His work in education is particularly well known, as his innovative methods raised powders. In 1921 Pepita obtained the position of teacher of pedagogy at the School of Magisterium of Women of Lleida and the readings she proposed to her students (Margarita Nelken, Ramón Turró i Darder, Pedro Dorado…) provoked the immediate response of the National Association of Heads of Family: They asked Uriz Pi to leave school, “for promoting doctrines against the State Religion and Christian morality (…) and for attacking the students’ shame, explaining with raw words and drawings made on the board the details of syphilis, the reproductive function or the right of women to use their body properly”. The bishop of Lleida denounced Pepita, the university opened a disciplinary file and the scandal reached the state press. Consequently, intellectuals of the time such as Santiago Ramón y Cajal, Miguel Unamuno, Ramón Menéndez Pidal and Antonio Machado wrote a manifesto to protect Uriz Pi. In the end they managed to stop their process and resign education ministers.

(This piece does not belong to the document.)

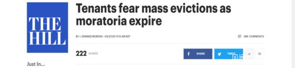 △《國會山報》稱,當限制驅逐禁令到期後,租户將被大量驅離住所

They also worked a lot on feminism and children's rights. Elisa was a member of the secretariat of the International Democratic Federation of Women and a promoter of the annual International Day of Children.

In the political militancy, Pepita began, among other things, in collaboration with the CNT. Then, the two sisters militated in the PSUC and were exiled in 1939 for fighting the Francoists during the 1936 War. In France they collaborated with the teachers involved in concentration camps and resistance. When Gestapo detected his team, they managed to escape. At the end of the war, the French Government did not thank them for the work carried out against the Nazis and expelled them from the State in 1951. The last years were in East Berlin, where Pepita Uriz Pi died in 1958 and Elisa died in 1979.